• _What you should do_
An exact reprint of the data below is required, line for line.

Collection entries:
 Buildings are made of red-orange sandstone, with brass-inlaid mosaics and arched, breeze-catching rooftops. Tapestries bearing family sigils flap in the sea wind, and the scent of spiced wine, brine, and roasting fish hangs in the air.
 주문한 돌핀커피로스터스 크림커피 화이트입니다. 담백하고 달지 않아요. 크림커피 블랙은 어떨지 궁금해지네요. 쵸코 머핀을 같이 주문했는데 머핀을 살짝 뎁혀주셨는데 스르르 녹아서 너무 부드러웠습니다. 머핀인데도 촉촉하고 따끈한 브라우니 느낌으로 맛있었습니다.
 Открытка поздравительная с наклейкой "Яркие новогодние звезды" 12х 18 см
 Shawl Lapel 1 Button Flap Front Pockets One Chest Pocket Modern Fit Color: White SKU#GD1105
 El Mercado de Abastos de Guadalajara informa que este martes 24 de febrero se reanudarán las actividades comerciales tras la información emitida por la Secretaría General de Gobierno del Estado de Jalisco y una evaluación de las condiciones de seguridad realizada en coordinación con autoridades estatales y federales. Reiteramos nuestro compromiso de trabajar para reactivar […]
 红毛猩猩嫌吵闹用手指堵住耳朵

• _Written reply_
 Buildings are made of red-orange sandstone, with brass-inlaid mosaics and arched, breeze-catching rooftops. Tapestries bearing family sigils flap in the sea wind, and the scent of spiced wine, brine, and roasting fish hangs in the air.
 주문한 돌핀커피로스터스 크림커피 화이트입니다. 담백하고 달지 않아요. 크림커피 블랙은 어떨지 궁금해지네요. 쵸코 머핀을 같이 주문했는데 머핀을 살짝 뎁혀주셨는데 스르르 녹아서 너무 부드러웠습니다. 머핀인데도 촉촉하고 따끈한 브라우니 느낌으로 맛있었습니다.
 Открытка поздравительная с наклейкой "Яркие новогодние звезды" 12х 18 см
 Shawl Lapel 1 Button Flap Front Pockets One Chest Pocket Modern Fit Color: White SKU#GD1105
 El Mercado de Abastos de Guadalajara informa que este martes 24 de febrero se reanudarán las actividades comerciales tras la información emitida por la Secretaría General de Gobierno del Estado de Jalisco y una evaluación de las condiciones de seguridad realizada en coordinación con autoridades estatales y federales. Reiteramos nuestro compromiso de trabajar para reactivar […]
 红毛猩猩嫌吵闹用手指堵住耳朵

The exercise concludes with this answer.